Further, Lincoln knew that freed persons didn’t need to be told to “get a job.” He often spoke of the great injustice of depriving men and woman of the fruit of their own labor. Again, these words were likely aimed not at the freed slaves, but at those who had the power to hire them. Equal pay for equal work is still a challenge 115 years later; “reasonable wages” would have been a revolutionary start.   

Demonstrating the evolution of his thinking, the final Proclamation eliminated references to colonization and compensation to slave owners for voluntary emancipation.

A key facet of Lincoln’s genius was his ability to inspire as broadly as possible but act as narrowly as necessary – threading needle after needle before anyone could even begin to see a tapestry.  Lincoln also declared that “such persons of suitable condition will be received into the armed service of the United States to garrison forts, positions, stations, and other places, and to man vessels of all sorts in said service.”  Ultimately, 200,000 African-Americans fought for the Union. By war’s end, they made up ten percent of the Union army and a higher percent of the navy. We see this as an attempt to make the necessity of recruiting and arming black soldiers sound as unthreatening as possible.

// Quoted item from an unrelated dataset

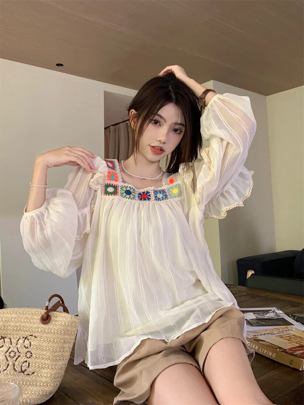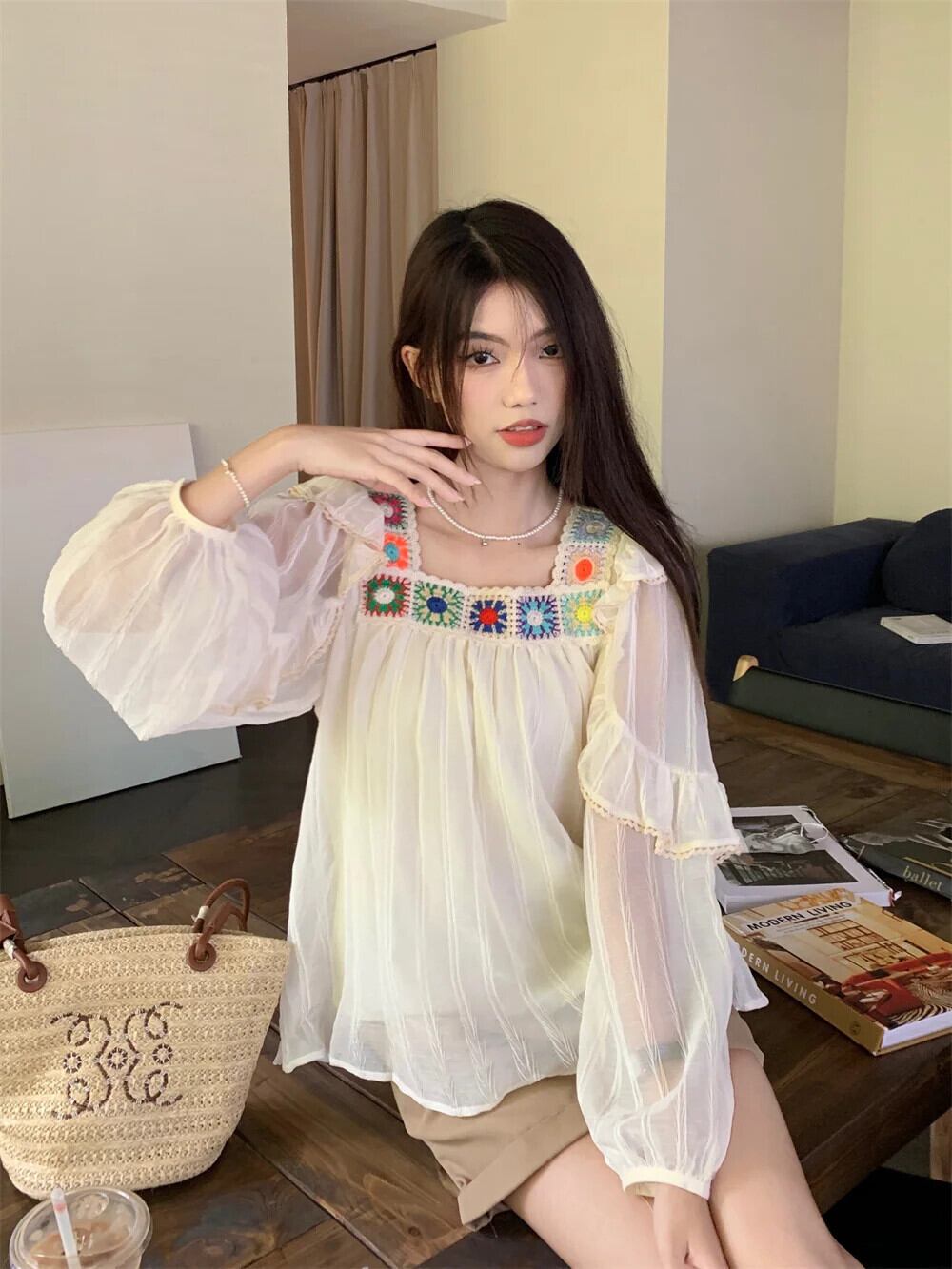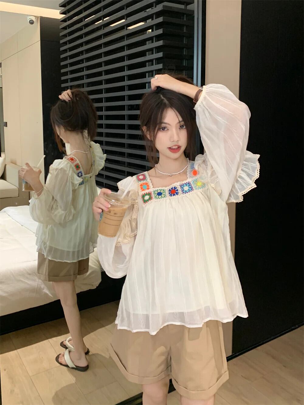 送料無料 Jielur ツーピース夏スリム女性ブラウスウエストスリム無地ショーツアプリコットスクエアネック長袖トップ ロング サマー 夏物 ブルマー ソリッドカラー スクウェア AE1218878785402351482

Robert C. Kirk (1821-1898) was born in Ohio and attended Franklin College in New Athens, Ohio, but did not graduate. He studied medicine and began a medical practice in Illinois. He later opened a dry goods store in Mount Vernon, Ohio, where he sold his own special-recipe elixir. He was elected to the Ohio Senate as a Democrat in 1855, but his commitment to abolitionism led him to join the newly forming Republican party. In 1859, he was elected lieutenant governor on a ticket with gubernatorial candidate William Dennison. In 1862, President Abraham Lincoln appointed Kirk as the U.S. Minister Resident to the Argentine Republic. He became a friend of Argentine President Bartolomé Mitre and arranged for the repayment of old Argentine debts. When Andrew Johnson succeeded Lincoln, Kirk was either dismissed or voluntarily left his post in 1866. President Ulysses S. Grant reappointed Kirk in 1869 as the Minister to Argentina and Uruguay. When another diplomat was appointed as Minister to Uruguay in 1870, an offended Kirk resigned in 1871 and returned to Ohio.

Condition: Stab holes in left margin, not affecting text; three light horizontal folds; a few minor chips; small amount of dampstaining and foxing in margins.



[1] Charles Eberstadt, Lincoln’s Emancipation Proclamation (NY: Duschnes Crawford, Inc., 1950), 18 (No. 11).